19 Temmuz 2010 Pazartesi

Dokundukça yüreğim dağlanıyor. Öylesine sıradan değil ki bu sarmaşıklar. Yılların zehiriyle donatmış kendini olmadan gidesice... hadi bakalım el mi yaman bey mi yaman, zaman ah zaman...

14 Temmuz 2010 Çarşamba

8 Temmuz 2010 Perşembe

Temizlik yapıyorum elime ne geçerse temizliyorum. Temizle, temizle, temizle... Aslında temizlenmesi gereken yer RUHUM... Bunun farkındayım öylesine dolduki artık bana nefes alacak yer kalmadı. Bıktım, usandım, yıldım.
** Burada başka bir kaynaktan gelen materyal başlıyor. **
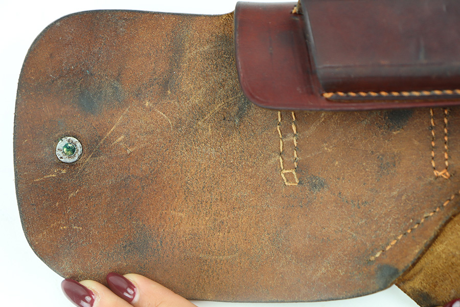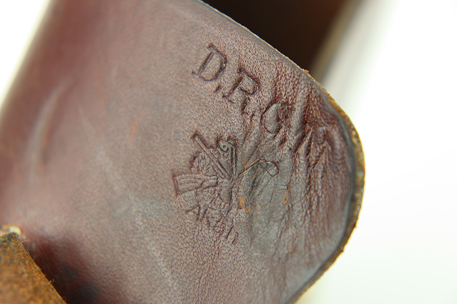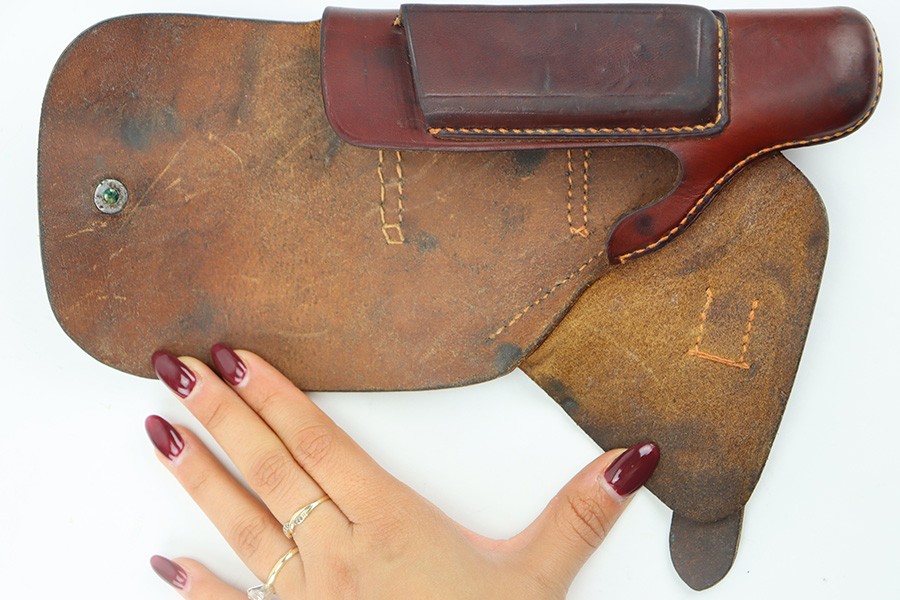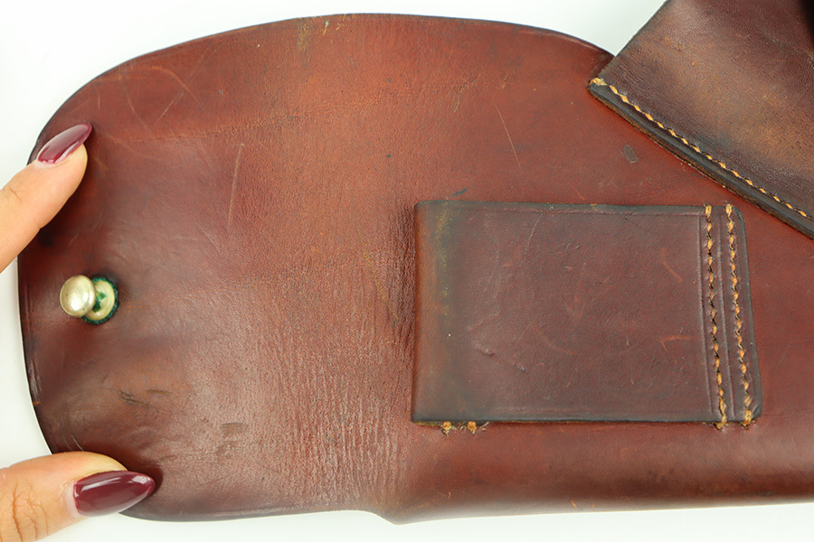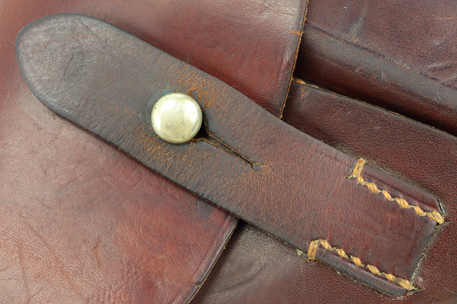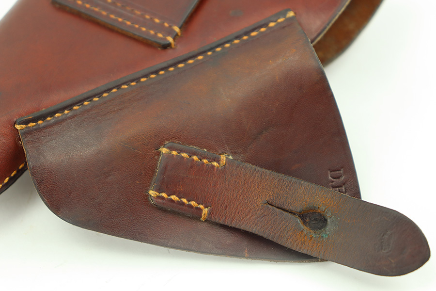 11/28/23 – This is an original WW2 AKAH Walther PPK holster. The holster is in great overall condition with all original leather and stitching. Very clean overall, and a crisp maker stamp under the closure strap. Unfortunately, someone added a waffen military proof stamp on the end of the closure strap. This is not an original stamp, and the price is reduced accordingly. Otherwise a very nice example!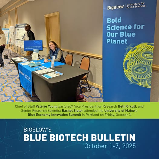 Maine researchers and entrepreneurs are unlocking the potential of marine resources to develop new foods, medicines, materials, and climate-friendly products. Stay up to speed with Bigelow Laboratory for Ocean Sciences's support of ocean-related innovation in our regular Blue Biotech Bulletin feature, available on Currents. This week’s updates include the University of Maine's Blue Economy Innovation Summit in Portland, the fall 2025 edition of the Maine Algal Research Infrastructure and Accelerator (MARIA) e-newsletter, and regional discussions about competitiveness and climate change.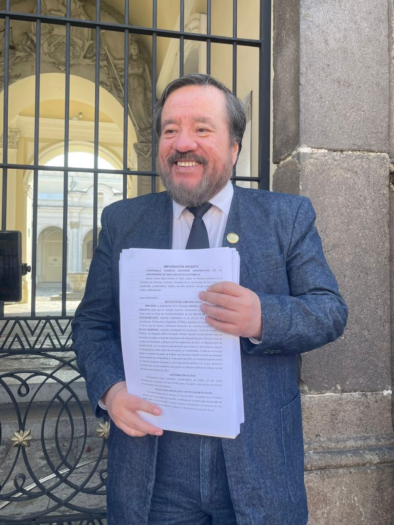 Frente al Museo de la Universidad de San Carlos de Guatemala, el doctor en derecho Marco Vinicio Mejía, presentó impugnaciones contra la actual fiscal general de Ministerio Público María Consuelo Porras Argueta y la Magistrada de la Corte de Constitucionalidad Leyla Susana Lemus candidatas a ser designadas magistradas titulares de la Corte de Constitucionalidad por parte del Consejo Superior Universitario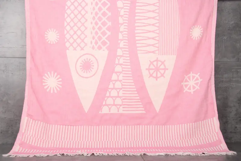 Turkish beach towels are characterized by their high-quality organic cotton composition, derived from 100% organic Turkish cotton. These towels are known for their superior absorbency and durability, with fibers absorbing more water with each wash, ensuring longevity. The towels measure 38x69 inches or 95x175 centimeters, weighing approximately 300 grams, with hand-weaving tolerances of 1-2.5cm.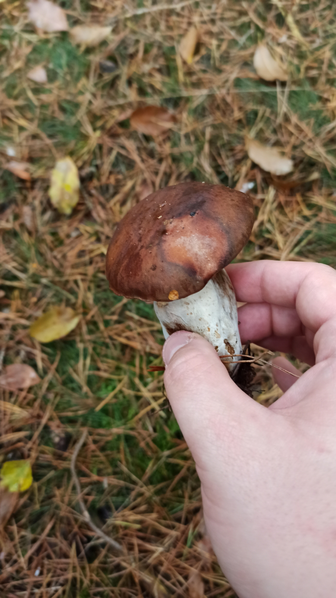 Moin, heute war ich erstmals in einem anderen Gebiet unterwegs, da Freunde von Steinpilz-Funden am Wochenende berichteten. Als ich dort im Nadelwald unterwegs war, dachte ich, ich hätte meinen ersten Steini gefunden. Im Endeffekt nur eine verrottete Marone, oder?

Kırgınlıklardan, küskünlüklerden, yanlış anlamalardan ve anlaşılmalardan... Hiçbirşeye, hiçkimseye sabrım, hoşgörüm kalmadı. Öfkeliyim, kızgınım, kırgınım... Yılgınım... SUSKUNUM...

3 Temmuz 2010 Cumartesi

SİL BAŞTAN...

Henüz yürümeye başlamıştım, uzun bir emeklemenin ardından. O 4 harfli kısacık yazılan "uzun" kelimesine günlerimi, gecelerimi, yıllarımı vermiştim. Yara bere içinde kalan dizlerim titriyordu ayaklarımın üzerinde dikilmeye çalışırken. Hadi dedim hadi, ha gayret yaparsın başarırsın. Bir zamanlar yürümeyi bırak koşardın, yürümeler zaman kaybı gelirdi sana.Acılarımı görmezlikten gelerek bir adım attım ve çok yoruldum, yığıldım yeniden yere. Bir süre sonra bir daha, daha sonra bir daha. Daha,daha, daha...
Kendi dünyamın kabuğuna saklanmış kendimi iyileştirmeye başlamıştım ikinci hayatına hazırlanan bir kartal gibi. Bir ölçüde başarmıştım da.
Ama dış dünya hala bir tehditti benim için korkuyordum, geçmişin yaraları derindi yüreğimde. Çok uğraşmıştım kendimce ama kaderimi değiştirememiştim. Olanı kabul etmek ve o haliyle iyileştirmeliydim kendimi...
Dedim ya "uzun" günlerin, gecelerin, yılların ardından... yeniden yürümeye başladım herşey başka olacaktı artık geçmiş silinmiş yeni sayfalar açmıştım.... Ta ki, o ani ve sert bir çelmeyle yer kapaklanana kadar.
Herşeyi sildi süpürdü. Değil yürümeyi emeklemeyi unutturdu...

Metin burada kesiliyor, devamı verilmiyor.